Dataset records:
□ □ □ □

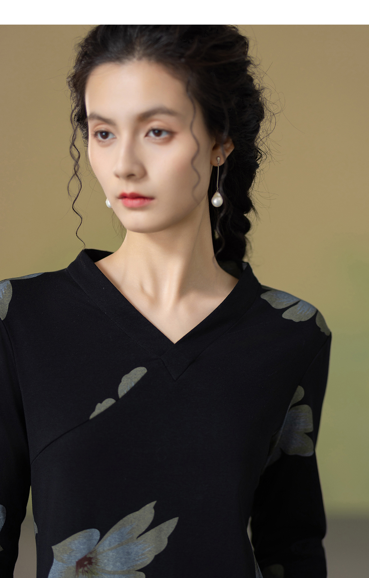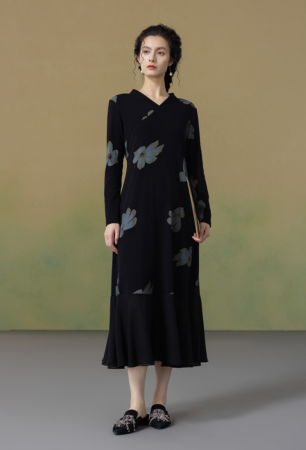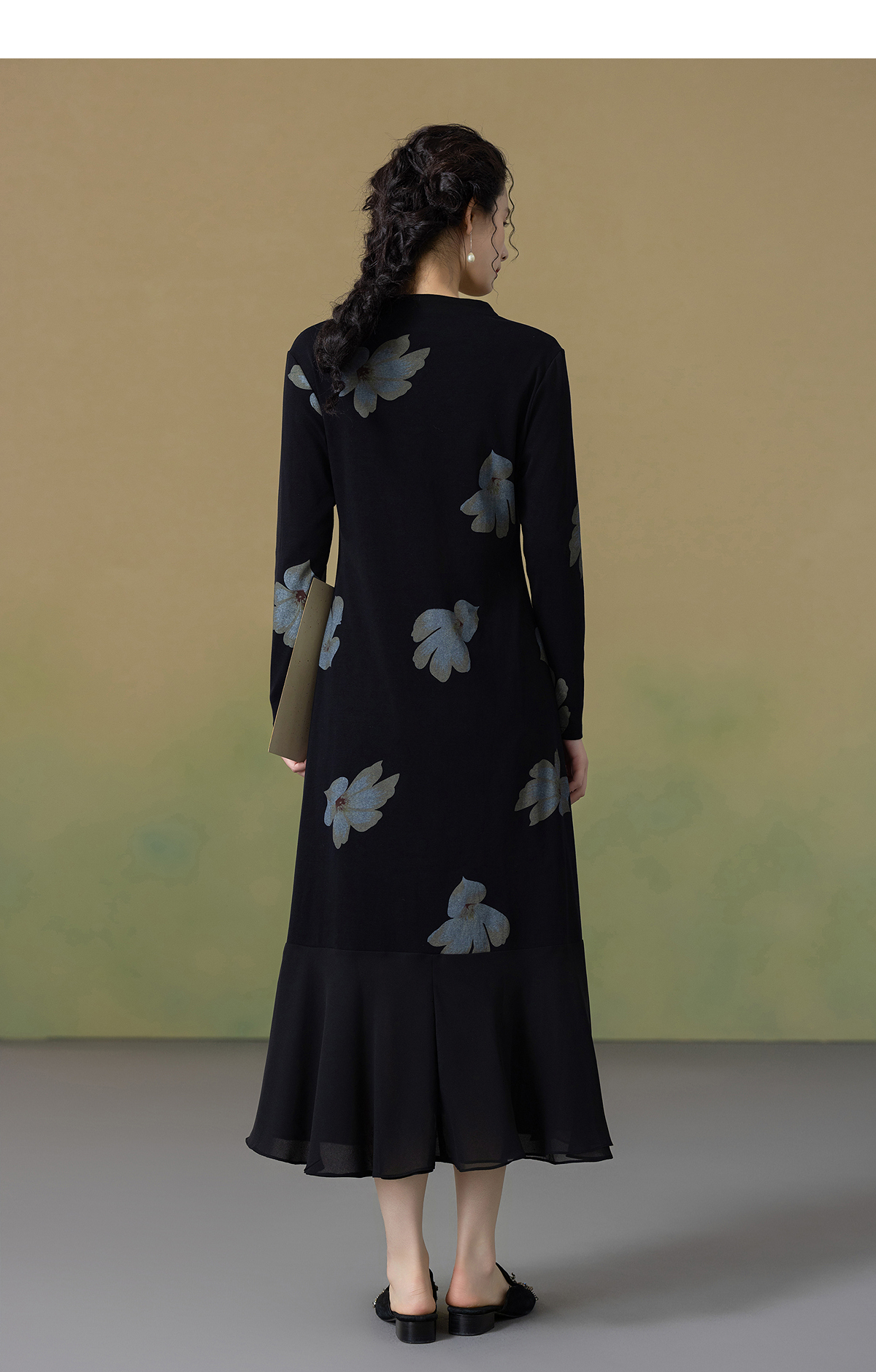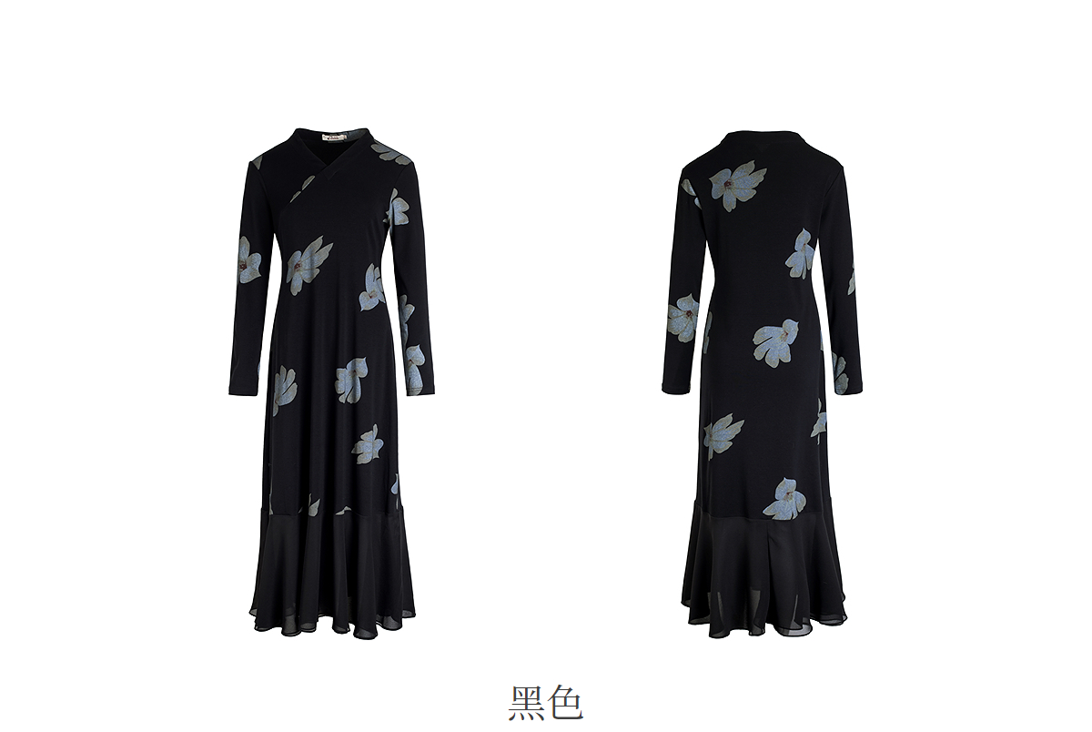 【林栖设计小店】2025秋季新品棉混纺印花国风拼花边连衣裙1953306
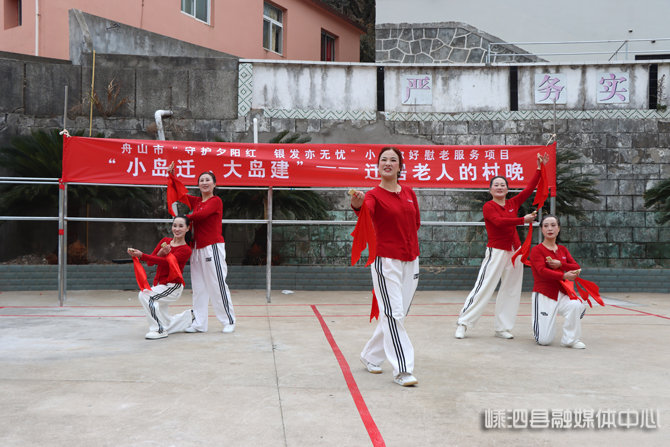 【嵊泗新闻网2月11日讯】(嵊泗县融媒体中心记者 董梦媛)2月9日下午,舟山市“守护夕阳红银发亦无忧”小岛你好慰老服务项目温情启幕,一场专为“小岛迁大岛建”迁居老人量身打造的村晚,在金平村安置房热闹开演。喜庆的鼓点划破冬日的静谧,欢快的舞姿点燃新春的期盼,这场充满烟火气与暖意的文艺表演,不仅为老人们送上了最真挚的新春祝福,更让这群离开故土、乔迁新居的老人,提前感受到了浓浓的年味与家的归属感。
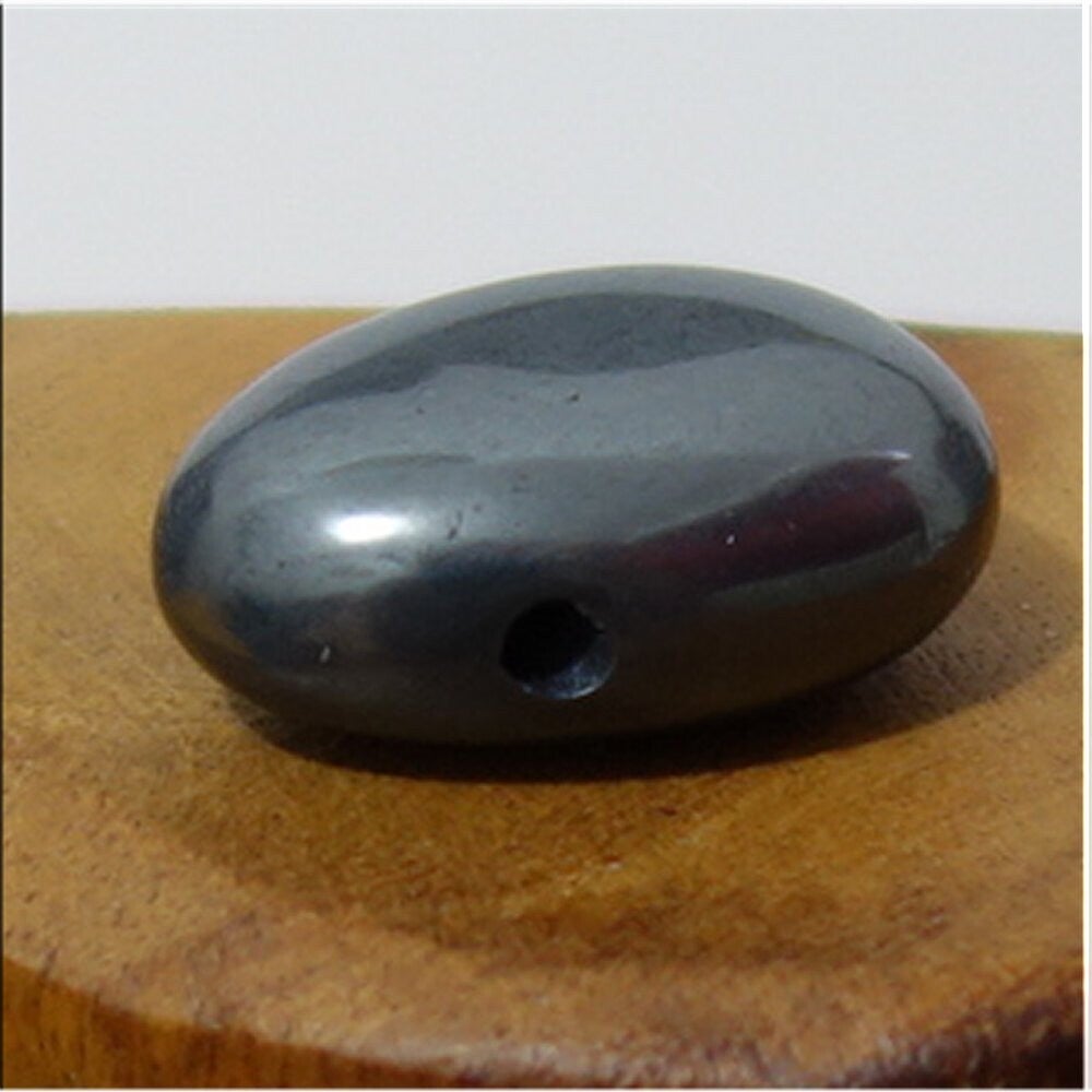Hämatit gebohrt mit 80 cm Band & Jutesäckchen
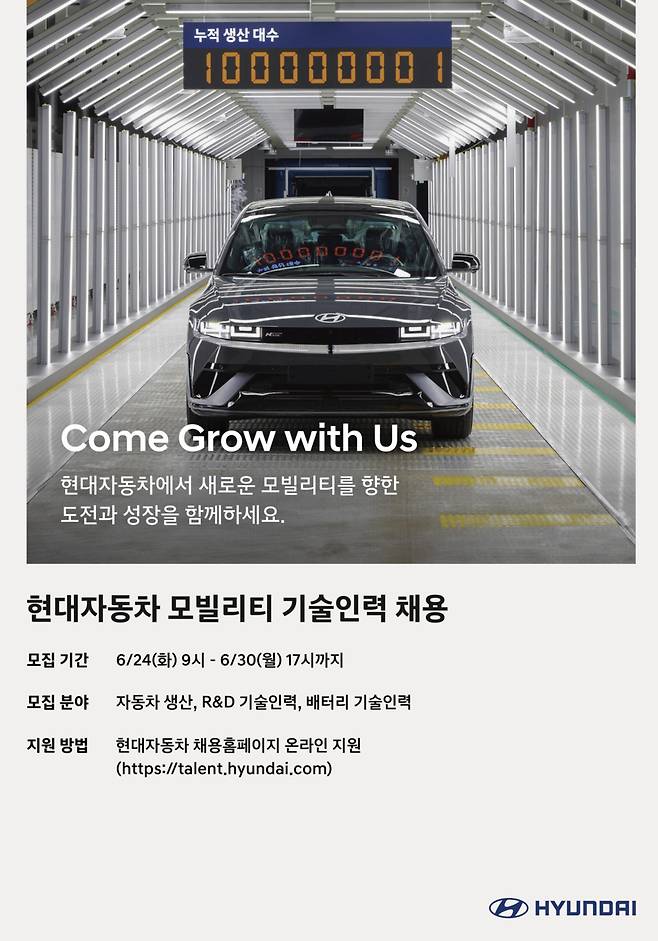 이번 채용에서 현대차는 자동차 생산, R&D 기술인력, 배터리 기술인력 등 3개 부문의 인재를 모집할 예정이다.
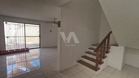 Cuenta con cochera sin techar para 1 auto, recibidor con medio baño, sala comedor abiertos, cocina con espacio para ante comedor, pequeño jardín, área de lavado semi techada y cuarto de servicio con baño completo que se accede por una escalera metálica de caracol.
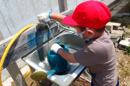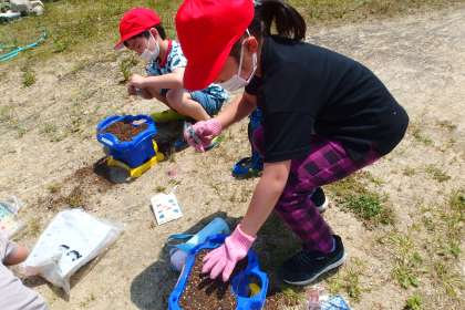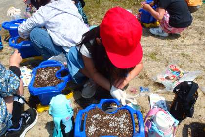 1年生の生活科の授業です。 アサガオの種まきをしました。
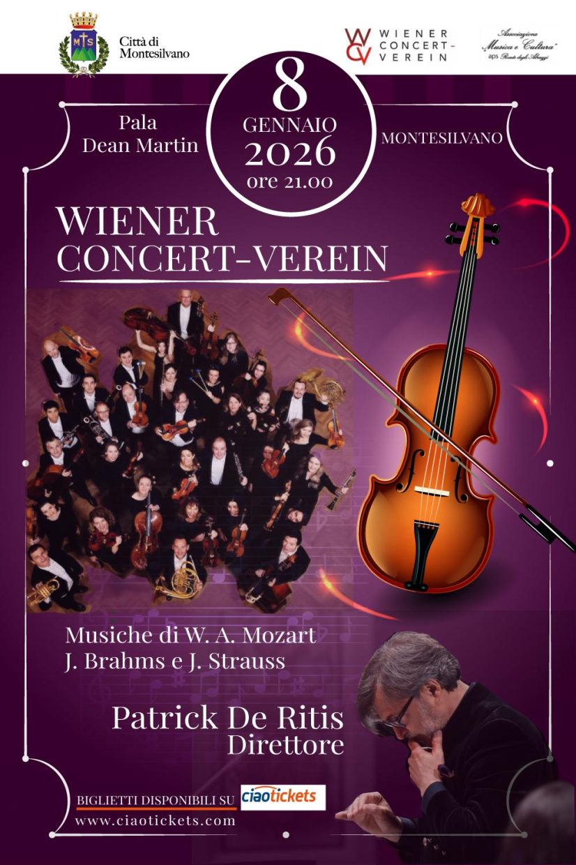 Montesilvano, 7 gennaio 2026 – Domani sera la grande musica classica sarà protagonista a Montesilvano. L’8 gennaio 2026, alle ore 21:00, il Pala Dean Martin ospiterà il debutto di un evento di altissimo livello culturale: il concerto dell’orchestra da camera di Vienna “Wiener Concert-Verein“.a L’iniziativa, fortemente voluta dall’Amministrazione comunale di Montesilvano, è realizzata in collaborazione con l’associazione Musica e Cultura, presieduta dalla dottoressa Michela De Amicis. Un ritorno atteso in Abruzzo dopo oltre venti anni: l’orchestra sarà diretta dal M° Patrick De Ritis e proporrà al pubblico un repertorio affascinante e intramontabile, con musiche dedicate a tre giganti della classica: Mozart, Brahms e Strauss.
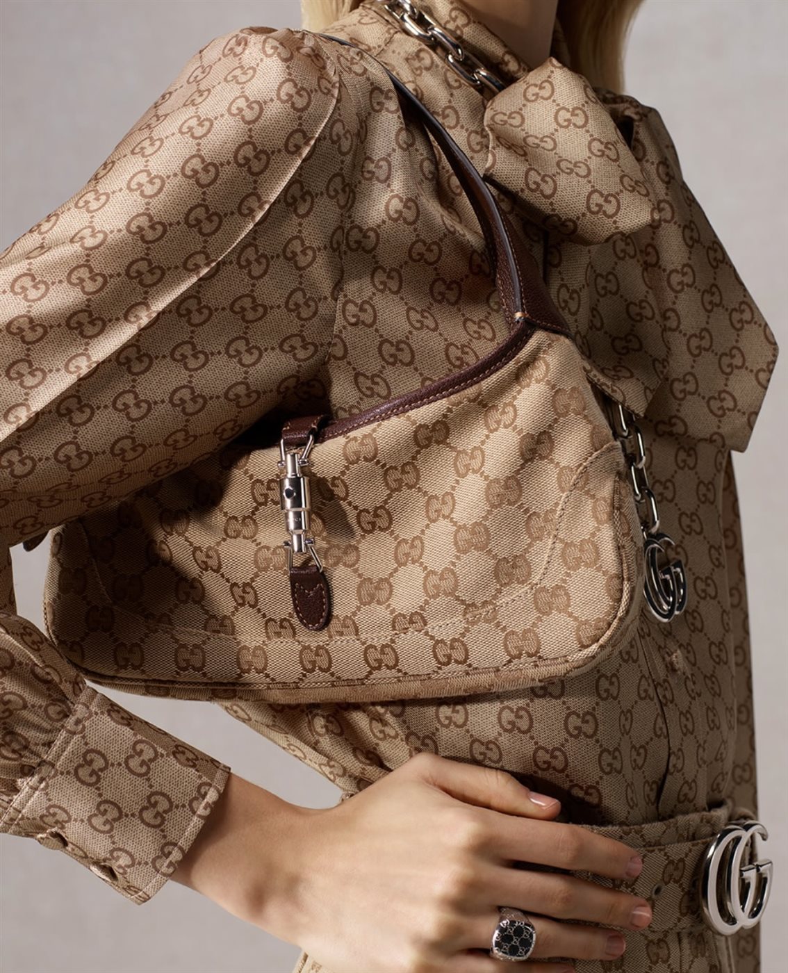 إلى جانب ذلك، تحضر لمسات Gucci Beauty ضمن أجواء الحملة، لتكتمل الصورة الجمالية التي تعكس هوية الدار الشاملة، حيث لا تقتصر الفخامة على الأزياء والإكسسوارات، بل تمتد إلى عالم الجمال والتعبير الشخصي. هذا التكامل بين الموضة والجمال يعزز رؤية غوتشي كعلامة تقدم أسلوب حياة متكامل، لا مجرد قطع منفصلة.
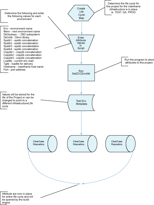 SetZCCEnvAttr.pl工具被用于更新ZCCENV属性,该属性局是在项目级别定义的。 它的功能是定义和描绘出主机上的z/OS基础结构和执行周期。然后这个数据被构建过程查询,用以决定在执行周期中该项目的位置,如何移动。如果在开发过程中需要作出改变或需要一个不同的迁移路径,Clearcase管理员只需改变ZCCENV的定义,因为这个项目用的是SetZCCEnvAttr.pl脚本。为测试和QA构建引擎利用这个新属性,在新的执行周期中继续进行或迁移到新的z/OS基础结构中。
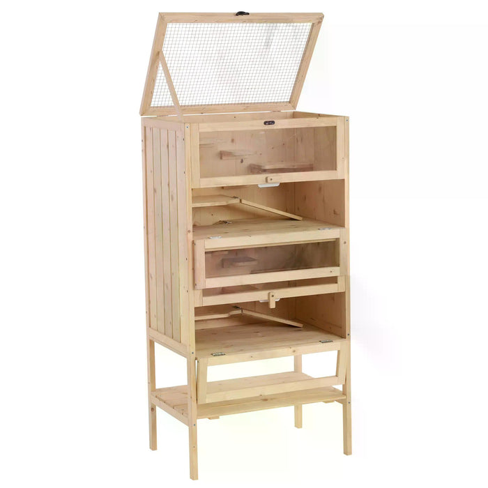 The habitat's assembly is straightforward, emphasizing your convenience. Presented in a lovely natural wood colour, it complements any room aesthetics while offering a nurturing space for your pets. The fine details include:

□ □ □ □

▶ Task description
All pictures are to be skipped. Output, word for word, the lines in the data above starting at the line containing "1年生の生活科の授業です。 アサガオの種まきをしました。" and ending at the line containing "إلى جانب ذلك،".

▶ Solution to the problem
 1年生の生活科の授業です。 アサガオの種まきをしました。
 Montesilvano, 7 gennaio 2026 – Domani sera la grande musica classica sarà protagonista a Montesilvano. L’8 gennaio 2026, alle ore 21:00, il Pala Dean Martin ospiterà il debutto di un evento di altissimo livello culturale: il concerto dell’orchestra da camera di Vienna “Wiener Concert-Verein“.a L’iniziativa, fortemente voluta dall’Amministrazione comunale di Montesilvano, è realizzata in collaborazione con l’associazione Musica e Cultura, presieduta dalla dottoressa Michela De Amicis. Un ritorno atteso in Abruzzo dopo oltre venti anni: l’orchestra sarà diretta dal M° Patrick De Ritis e proporrà al pubblico un repertorio affascinante e intramontabile, con musiche dedicate a tre giganti della classica: Mozart, Brahms e Strauss.
 إلى جانب ذلك، تحضر لمسات Gucci Beauty ضمن أجواء الحملة، لتكتمل الصورة الجمالية التي تعكس هوية الدار الشاملة، حيث لا تقتصر الفخامة على الأزياء والإكسسوارات، بل تمتد إلى عالم الجمال والتعبير الشخصي. هذا التكامل بين الموضة والجمال يعزز رؤية غوتشي كعلامة تقدم أسلوب حياة متكامل، لا مجرد قطع منفصلة.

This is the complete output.